Our tests exists to make sure that there are no issues rather than try to hide any issues.

Sending request multiple times in loop until we will get response is not acceptable, at least in this case.
Because we have expectations in tests and workflow in particularly in play_next the number or requests and corresponding responses shall match to each other.

I think that issue with discovery which you are trying to mitigate is not a root cause of the issue which we have with failing test_play_services tests.

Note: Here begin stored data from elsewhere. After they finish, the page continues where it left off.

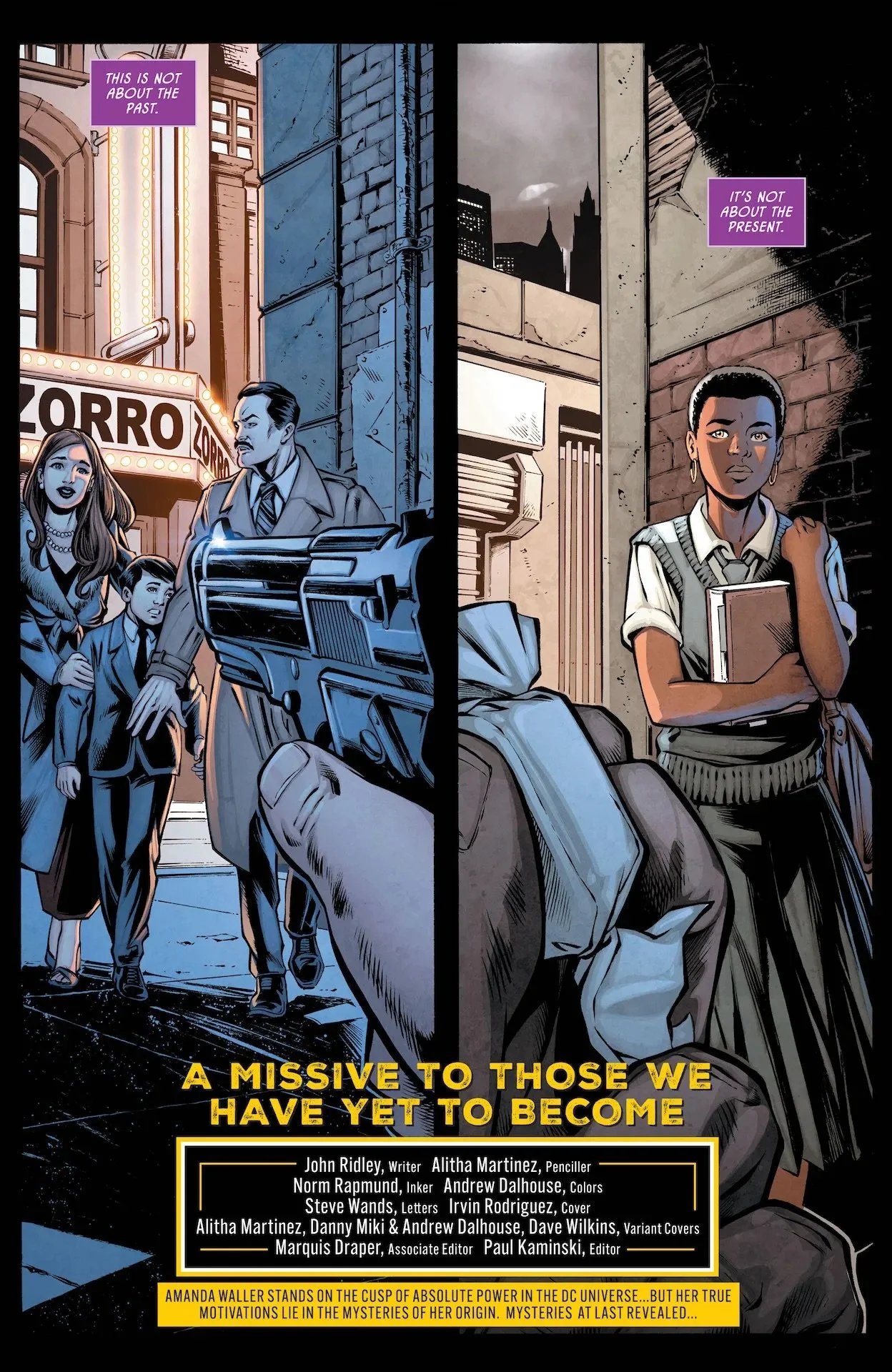 In Absolute Power: Origins, Academy Award-winning writer JOHN RIDLEY and fan-favorite artist ALITHA MARTINEZ will tell the tale about how one woman lost everything she held dear...powerless beneath the forces of senseless acts of chaos. The path of vengeance would bring her to two simple words that would change her life--and the lives of the entire DCU--forever: NEVER AGAIN.
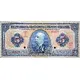 | Opis awersu | Blue on polychrome, in calcography and lithography. In the center, an oval medallion with portrait of José Maria da Silva Paranhos Júnior, Barão do Rio Branco (1819-1880), flanked by the nominal value 5. Diagonally crossing the body of the note, anonymous autograph of the official responsible for the conference. |
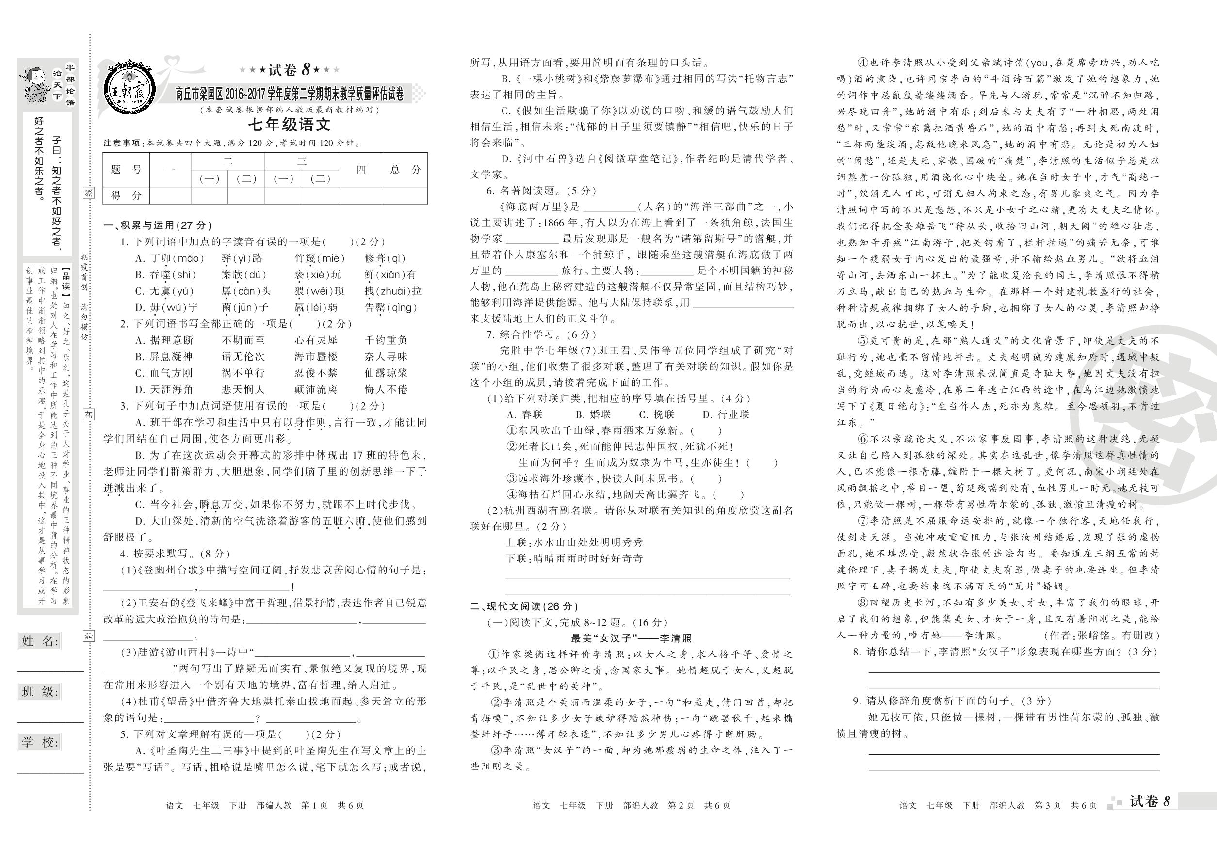 2016-2017学年第二学期商丘市七年级语文试卷(人教版)【8】
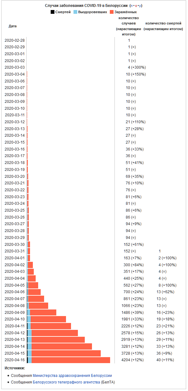 На 13 апреля, когда Лукашенко сделал свое заявление, в стране насчитывалось 29 случаев летального исхода от COVID-19. 16 апреля, через три дня после обещания президента, что никто от этой болезни не умрет, их стало уже 40.
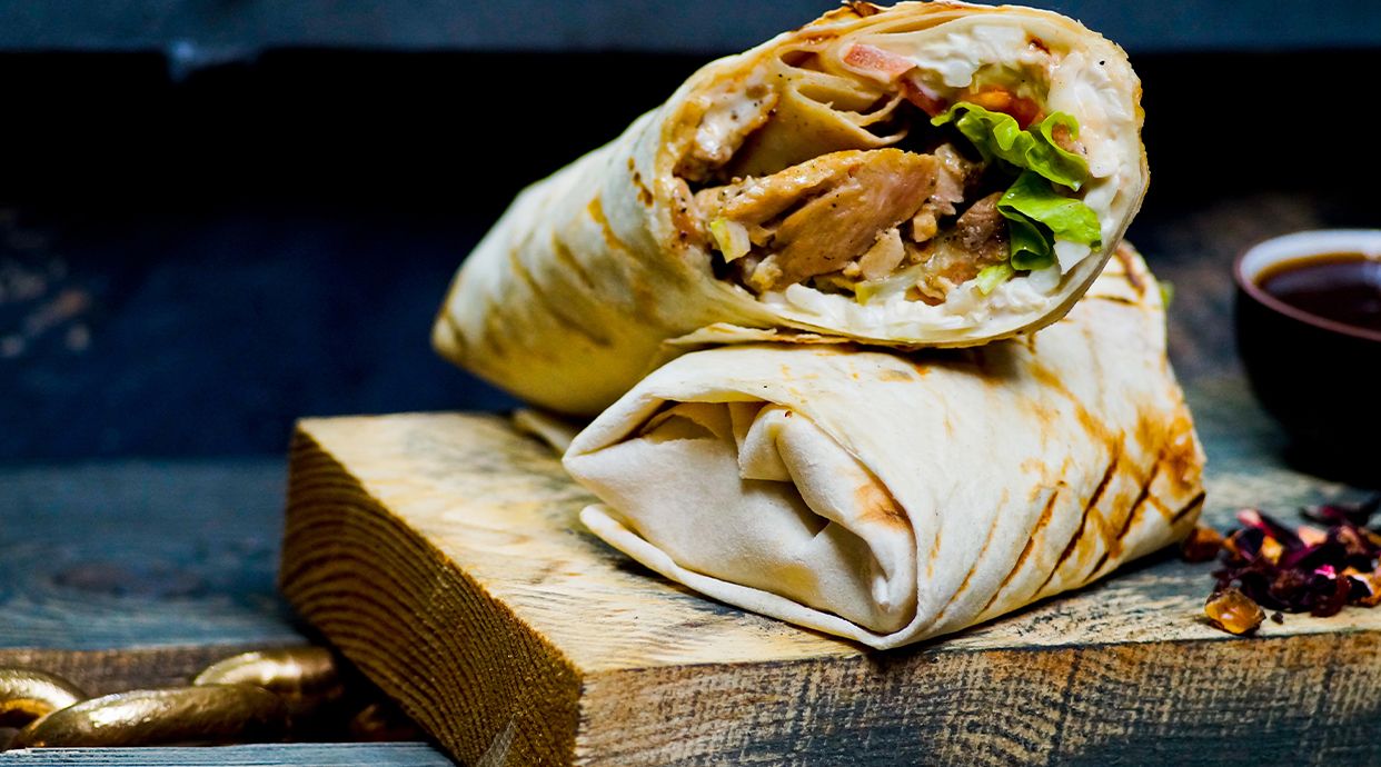 Enrollado en pan, queso de oveja, ensalada de lechuga, tomate, cebolla y salsas
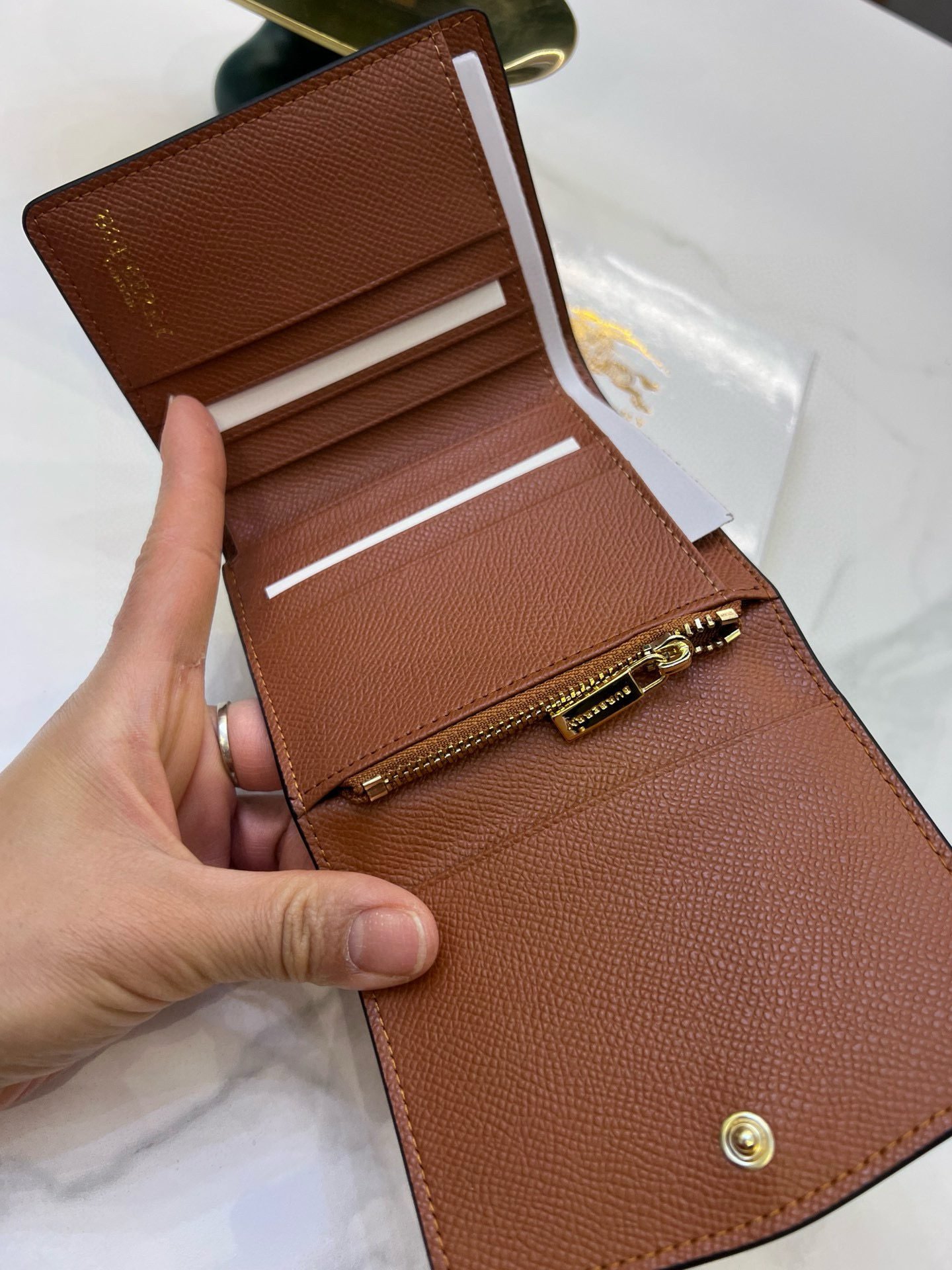 Burberry’s latest women’s wallet with three fold design
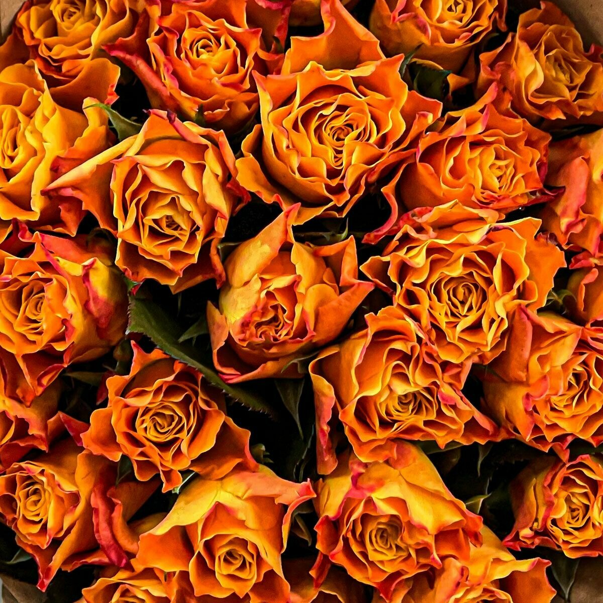 Купить Букет живых цветов из 19 оранжевых роз 40см в крафте

Because according to the logs the failure never happened on first service request from the tests it rather happened on 3-4 request and more often on 100s and more with test_play_next scenario.

@ivanpauno
Copy link
Member Author

ivanpauno commented Jun 27, 2022

Because according to the logs the failure never happened on first service request from the tests

are you sure?
SetUp() is called before each test fixture (i.e. each TEST_F), so there're a lot of calls that happen right after the services are creaated.

it rather happened on 3-4 request and more often on 100s and more with test_play_next scenario

In all the CI links in #862, none of them seem to be failing there.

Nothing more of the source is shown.